A value greater than 0 indicates a positive association i.e. as the value of one variable increases, so does the value of the other variable. A value less than 0 indicates a negative association i.e. as the value of one variable increases, the value of the other variable decreases.

⇒ The Pearson product-moment correlation does not take into consideration whether a variable has been classified as a dependent or independent variable. It treats all variables equally.

⇒ **A change of origin of the system, or any scaling of the variables doesn’t affect the value of ***r. ***The sign might change depending on the sign of scaling done.**

Basically, if the bivariate system (x, y) is converted to another bivariate system (u, v) by a change of origin or scaling or both, in the following way –

$$u = \frac{x – a}{b}, v = \frac{y – c}{d}$$

Then the correlation coefficient takes on the following value – $$r_{(u,v)} = \frac{bd}{|b||d|} \ r_{(x,y)}$$

**Assumptions**

While calculating the Pearson’s Correlation Coefficient, we make the following assumptions –

- There is a linear relationship (or any linear component of the relationship) between the two variables
- We keep Outliers either to a minimum or remove them entirely

An outlier is a data point that does not fit the general trend of your data but would appear to be an extreme value and not what you would expect compared to the rest of your data points. you can detect outliers by plotting the two variables against each other on a graph and visually inspecting the graph for extreme points.

you can then either remove or manipulate that particular point as long as you can justify why you did so. Outliers can have a very large effect on the line of best fit and the Pearson correlation coefficient, which can lead to very different conclusions regarding your data.

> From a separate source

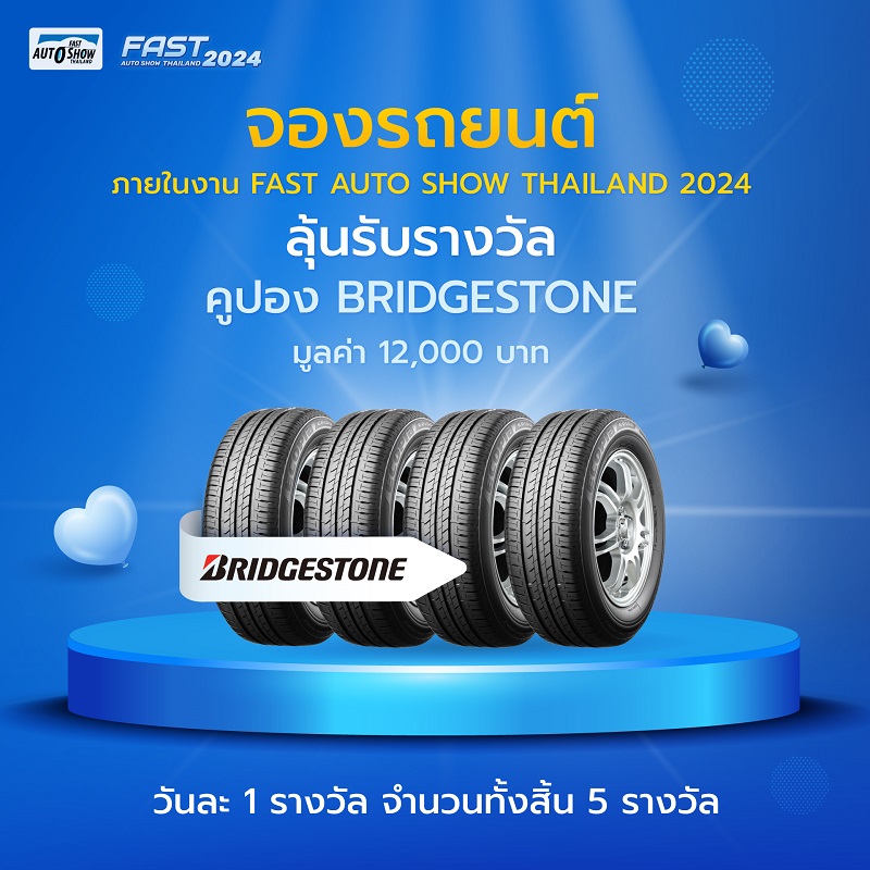 [กรุงเทพฯ] (4 กรกฎาคม 2567) –บริดจสโตนเดินหน้าสนับสนุนงาน “FAST AUTO SHOW THAILAND 2024” ภายใต้คอนเซปต์ “รถใหม่โปรดี รถไฟฟ้ามีให้ลอง รถมือสองมีรับประกัน” เพื่อส่งเสริมและกระตุ้นตลาดรถยนต์ในประเทศไทยให้คึกคัก พร้อมรองรับกับการเติบโตของยานยนต์ไฟฟ้า รวมถึงขับเคลื่อนเศรษฐกิจในภาคอุตสาหกรรมยานยนต์ให้เติบโตอย่างต่อเนื่อง โดยลูกค้าที่จองรถภายในงาน
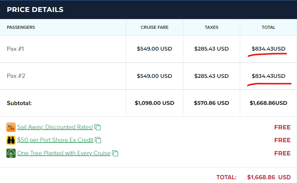 Below is the example of final price for two in interior cabin with all taxes and fees included ($1668 per cabin or $834 per person)

Both of the above points for a given pair of variables can be analyzed easily by studying their scatter plots.

**Solved Example on Coefficient of Correlation**

**Question: **An experiment conducted on 9 different cigarette smoking subjects resulted in the following data –

Subject Number | Cigarettes smoked per week | Number of years lived |

(averaged over the last 5 years of their life) | ||

1 | 25 | 63 |

2 | 35 | 68 |

3 | 10 | 72 |

4 | 40 | 62 |

5 | 85 | 65 |

6 | 75 | 46 |

7 | 60 | 51 |

8 | 45 | 60 |

9 | 50 | 55 |

Calculate the correlation of coefficient between the number of cigarettes smoked and the longevity of a test subject.

**Solution**

Let us first assign random variables to our data in the following way –

x – the number of cigarettes smoked

y – years lived

We’ll be using the single formula for discrete data points here –

\(r_{xy} = \frac{N\Sigma x_iy_i – \Sigma x_i \Sigma y_i}{\sqrt{N\Sigma x_i^2 – (\Sigma x_i)^2} \sqrt{N\Sigma y_i^2 – (\Sigma y_i)^2}}\)

Let us now construct a table to compute all the values we are going to use in our correlation formula. Note that N here = 9

x | x2 | y | y2 | xy |

25 | 625 | 63 | 3969 | 1575 |

35 | 1225 | 68 | 4624 | 2380 |

10 | 100 | 72 | 5184 | 720 |

40 | 1600 | 62 | 3844 | 2480 |

85 | 7225 | 65 | 4225 | 5525 |

75 | 5625 | 46 | 2116 | 3450 |

60 | 3600 | 51 | 2601 | 3060 |

45 | 2025 | 60 | 3600 | 2700 |

50 | 2500 | 55 | 3136 | 2750 |

Σxi = 425 | Σxi2 = 24525 | Σyi = 542 | Σyi2 = 33188 | Σxiyi = 24640 |

(Σxi)2 = 4252 = 180625 | (Σyi)2 = 5422 = 293764 |

using the values in the formula, we get – $$ r_{xy} = \frac{N\Sigma x_iy_i – \Sigma x_i \Sigma y_i}{\sqrt{N\Sigma x_i^2 – (\Sigma x_i)^2} \sqrt{N\Sigma y_i^2 – (\Sigma y_i)^2}}$$ $$ = \frac{9.24640 – 425.542}{\sqrt{9.24525 – 180625} \sqrt{9.33188 – 293764}}$$ $$ = \frac{-8590}{\sqrt{40100}\sqrt{4928}} $$ $$ = -0.61 $$

This implies a negative correlation between the considered variables i.e. The higher the number of cigarettes smoked per week in last 5 years, the lesser the number of years lived. Note that it DOES NOT mean that smoking cigarettes decreases the life span. Because, many other factors might be responsible for one’s death. Still, it is an important conclusion nevertheless.

This way you can solve for other datasets similarly.